China’s Soybean Imports Down in April

Supply shortages started to ease at China's southern ports as more cargoes arrived

China’s Soybean Imports Were Down in April  

  • According to customs data, April soybean imports fell 12% from last year as bad weather delayed cargoes from Brazil. 
  • Soybean imports of 6.716 million tonnes in April were down from 7.64 million tonnes a year ago, but were higher than the 4.28 million tonnes in March.
  • China's weekly soybean stocks as of 5/6/20 rose to 4.26 million tonnes, up from 3.31 million tonnes in late March, the lowest since at least 2010. 
  • Weekly soymeal inventories were at 185,500 tonnes, after hitting a record low on April 19. 

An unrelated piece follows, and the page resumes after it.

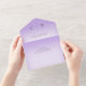 DISPONIBLE AVEC OU SANS CODE QR À ANALYSER. Ce design simple mais élégant a un look moderne, avec deux anneaux de mariage en or entrelacés sur une douce couche de flou blanc sur un arrière - plan en lavande douce. Les invitations tout-en-un personnalisées sont une combinaison unique d'une invitation personnalisée magnifiquement imprimée et d'une carte postale RSVP perforée facile à déchirer. Et ils sont si faciles à utiliser ! Il suffit de plier, puis de sceller le rabat arrière avec les trois autocollants clairs inclus, et le courrier. Et quand vos invités reçoivent votre invitation personnalisé, ils déchirent la carte RSVP perforée et vous la remettent dans le courrier !
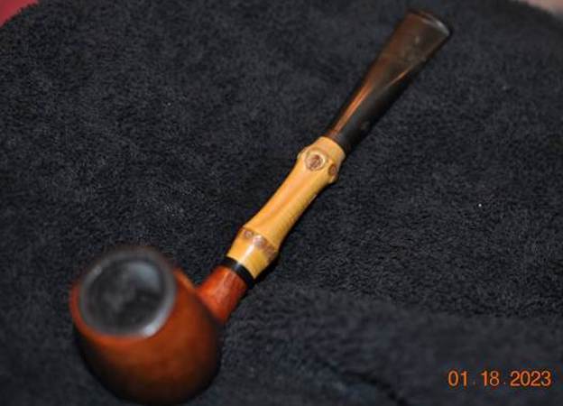 This Stanwell Bamboo Billiard with a vulcanite taper stem is a great looking pipe now that it has been restored. The beautiful finish really highlights the grain and the polished finish is stunning. I put the stem back on the bowl and carefully buffed the pipe with Blue Diamond on the buffing wheel. I gave the bowl and the stem multiple coats of carnauba wax on the buffing wheel and followed that by buffing the entire pipe with a clean buffing pad. I hand buffed the pipe with a microfiber cloth to deepen the shine. The finished Stanwell Bamboo Billiard fits nicely in the hand and feels great. Give the finished pipe a look in the photos below. The dimensions of the pipe are Length: 6 inches, Height: 1 ¾ inches, Outside diameter of the bowl: 1 inch, Chamber diameter: ¾ of an inch. The weight of the pipe is 34 grams / 1.20 ounces. I will be adding the pipe to the Danish Pipe Makers Section of the rebornpipes store. If you are interested in purchasing this pipe send me a message or an email. Thanks for reading this blog and my reflections on the pipe while I worked on it.

FBN’s Take On What It Means: Supply shortages started to ease at China's southern ports in the second half of April as more cargoes began to arrive due to improved weather conditions in Brazil. A large volume of beans are expected to land in May and June as the number of shipments from Brazil hit a record high in March and April. Imports from the US might not rise significantly in the short term, but are expected to increase in the future as supplies from other origins are diminished. 

 

Cold Snap May Damage Some Crops  

  • The cold temps could damage some of the recently emerged summer crops in the Midwest and may raise some threat to soft wheat.
  • Newly emerged corn in the upper Midwest will feel the effects of frost and freezes Friday and Saturday mornings.
  • Freezing temps may also occur southward into a part of Iowa, extreme northern Missouri, northern and central Illinois and northern Indiana Saturday morning.
  • SRW in the Corn Belt is the boot to heading stage and temps below 30 could hurt more advanced crops.

FBN’s Take On What It Means: Crops will begin to develop again as weather conditions improve next week. Some replanting may take place even though crops would likely recover. It does not look like hard freezes will be widespread enough to cause significant damage to the soft wheat crop, but depending on how cold and how far south temperatures dip, some damage can occur.